The overall effect was moderate (RR = 0·90, 95% CI 0.87–94) but significant (t(49) = −4.53, p < 0·00004). It was very consistent (Figure 2), with no significant interactions across the different subgroups (Table 2), including the exposure type, cancer type, geographical region (for gender and various confounding factors, see Supplementary Information Table S8). Due to the complete absence of interaction with exposure type (p = 0·99), we have shown only the combined dataset. Analyses of carrot intake and α-carotene intake separately are shown in Supplementary Information Figures S5 and S7. A sensitivity analysis (Supplementary Information Figure S2) showed that no individual study had a dominant effect on the outcome and also there was no effect (p = 0.25) of study quality (Supplementary Information Figure S12).

Figure 2. Analysis of highest compared to lowest carrot/α-carotene intake and cancer risk in 50 prospective studies. The squares represent the RR for each study and the horizontal lines are the 95% confidence interval around this estimate. The area of each square is proportional to its weighting in the meta-analysis. The diamond is the pooled estimate, with 95% CI. Circles indicate studies at risk of contribution to publication bias, see Figure 3.

Table 2. Subgroup analyses of association between carrot/α-carotene intake and risk of cancers in 50 prospective studies.

Subgroups	No. studies	RR (95% CI)	Pfor interaction	Heterogeneity statistics
				I^2 (%)	Q	P
Overall	50	0·90 (0·87–0·94)
Cancer type			0·22
Breast	11	0·95 (0·90–1·00)		22·80	12·95	0·23
Colorectal	4	0·95 (0·81–1·12)		27·44	4·13	0·25
Lung	10	0·81 (0·70–0·94)		59·80	22·39	0·01
Prostate	6	0·93 (0·83–1·03)		22·52	6·45	0·26
Other cancer types	20	0·87 (0·79–0·96)		34·45	28·99	0·07
Geographical region			0·61
Europe	12	0·86 (0·79–0·94)		0·00	10·89	0·45
USA	30	0·91 (0·86–0·96)		47·67	55·42	˂0·01
Asia	5	0·90 (0·78–1·05)		20·26	5·02	0·29
Other regions	3	0·98 (0·82–1·18)		0·00	0·20	0·90
Exposure type			0·99
Direct – Carrot intake	15	0·90 (0·84–0·97)		50·95	28·54	0·01
Indirect – α-carotene intake	35	0·90 (0·86–0·96)		22·18	43·69	0·12

We found some evidence of publication bias (Figure 3). Omitting 4 outlying studies reduced the heterogeneity (to I² = 26%) and the overall association (to RR 0·92, 95% CI 0·88–0·95) (see Supplementary Information Figure S1), without substantially affecting its significance (p < 0·00002). A sensitivity analysis after removal of the 4 studies (see Supplementary Information Figure S3) confirmed that no individual study had a dominant effect on the outcome.

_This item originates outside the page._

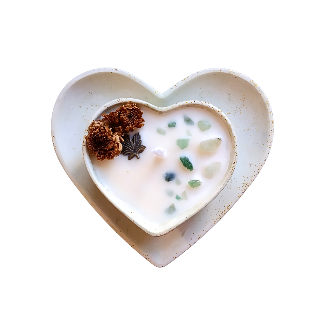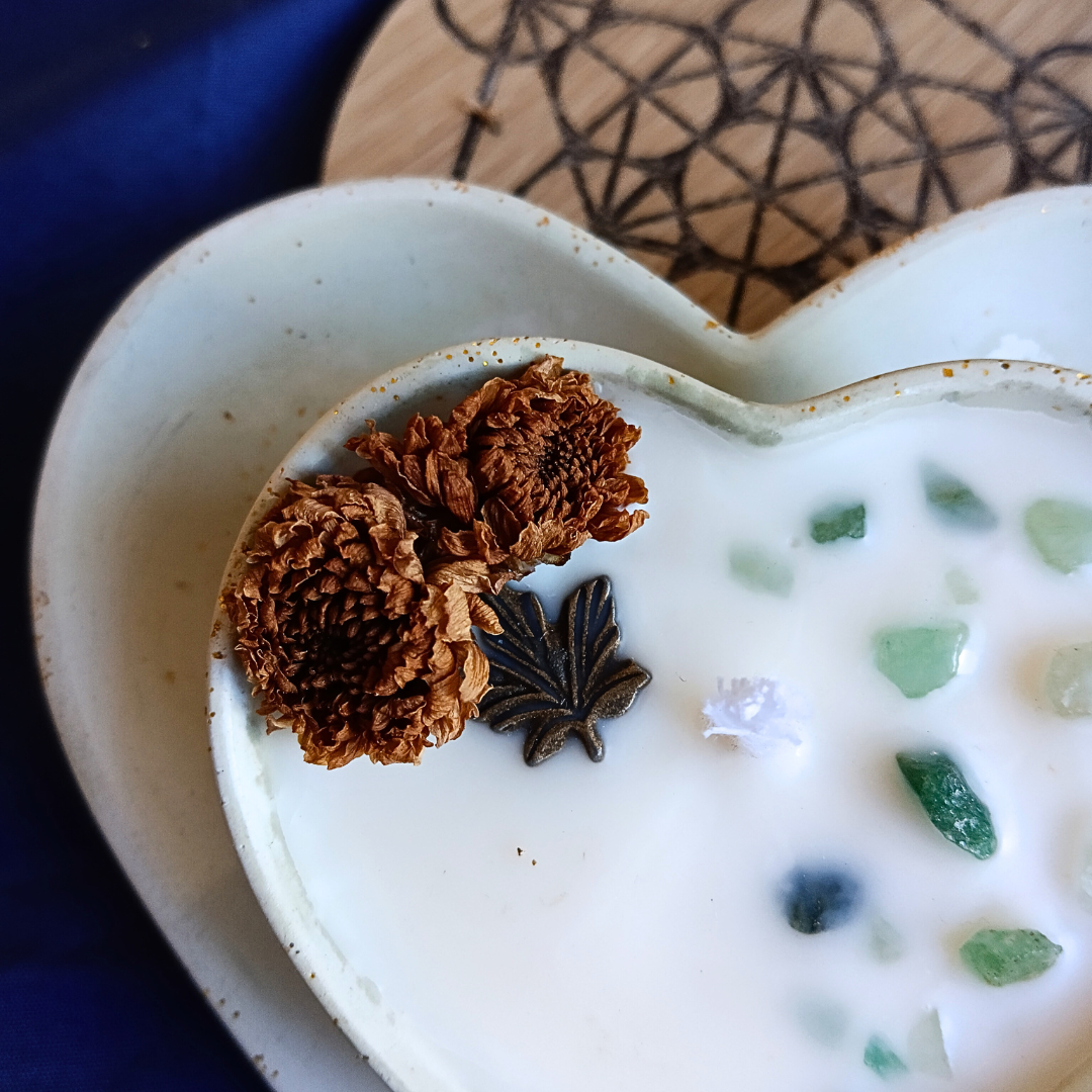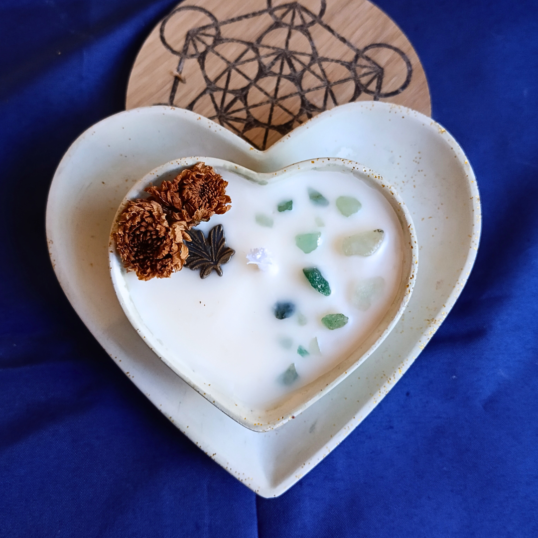Vela All-Ki-Mística® com Óleo Essencial de Alecrim em Conjunto Corações com cristais Aventurina Verde

Figure 3. Egger’s funnel plot for publication bias in the meta-analysis of 50 prospective studies on carrot/α-carotene intake, p = 0·047 with egger’s test. Testing only the 46 studies shown as diamonds gives p = 0·294. The studies shown as squares rather than diamonds are marked with a circle in Figure 2.

Prospective studies reporting plasma α-carotene

This dataset showed a stronger effect (RR = 0·80, 95% CIs 0·72–0·89, z= −4.03, p < 0·00006), and also here the subgroup analysis results (Table 3) showed no significant interactions across the different subgroups, including the cancer types and geographical populations; see Supplementary Information Table S10 for subgroup results based on gender and various other factors. The sensitivity analysis (Supplementary Information Figure S4) also here showed no indication of single study dominance, and we found no significant evidence of publication bias as indicated by the symmetrical funnel plot (Figure 5) nor of study quality (p = 0.45) (Supplementary Information Figure S13).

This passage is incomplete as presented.